§ Assignment
Needed from the data below: every line from the one with "выполнении операции произошла" up to and including the one with "No. Este no", repeated exactly and with nothing else.

§ Stored data
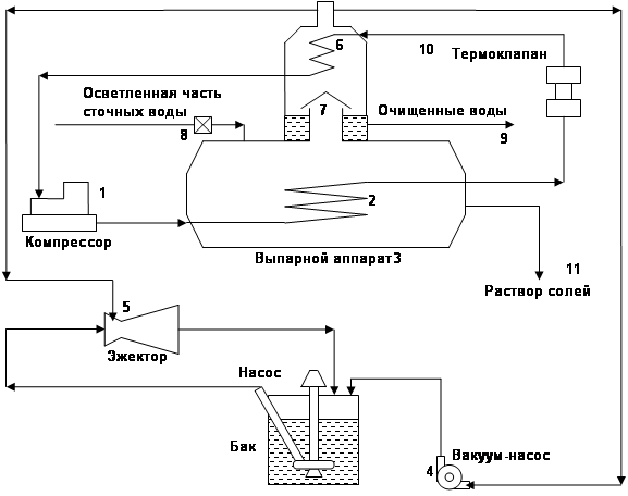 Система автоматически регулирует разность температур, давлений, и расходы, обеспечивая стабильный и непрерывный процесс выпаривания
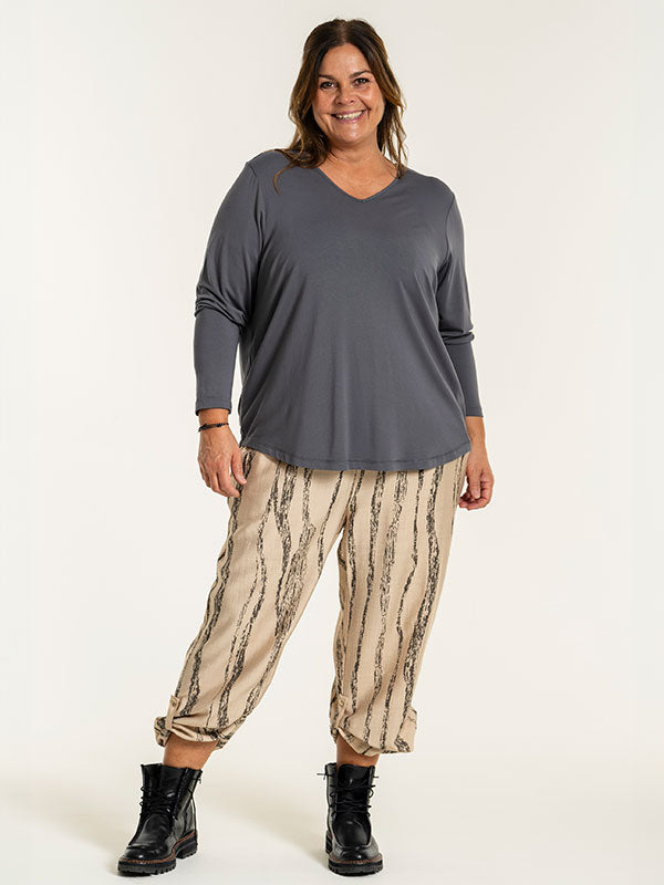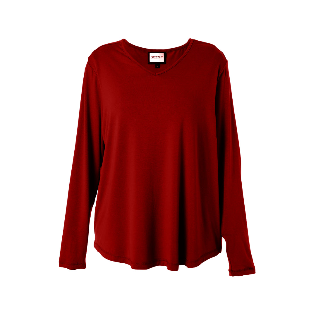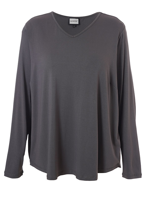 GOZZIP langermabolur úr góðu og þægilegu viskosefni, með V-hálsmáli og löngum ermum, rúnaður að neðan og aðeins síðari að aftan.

---

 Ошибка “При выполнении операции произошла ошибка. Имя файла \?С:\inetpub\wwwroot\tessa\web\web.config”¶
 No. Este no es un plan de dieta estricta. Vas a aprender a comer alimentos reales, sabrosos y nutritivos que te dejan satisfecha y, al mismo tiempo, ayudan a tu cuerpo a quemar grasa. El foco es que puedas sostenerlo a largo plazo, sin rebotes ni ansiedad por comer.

§ Solution
 Ошибка “При выполнении операции произошла ошибка. Имя файла \?С:\inetpub\wwwroot\tessa\web\web.config”¶
 No. Este no es un plan de dieta estricta. Vas a aprender a comer alimentos reales, sabrosos y nutritivos que te dejan satisfecha y, al mismo tiempo, ayudan a tu cuerpo a quemar grasa. El foco es que puedas sostenerlo a largo plazo, sin rebotes ni ansiedad por comer.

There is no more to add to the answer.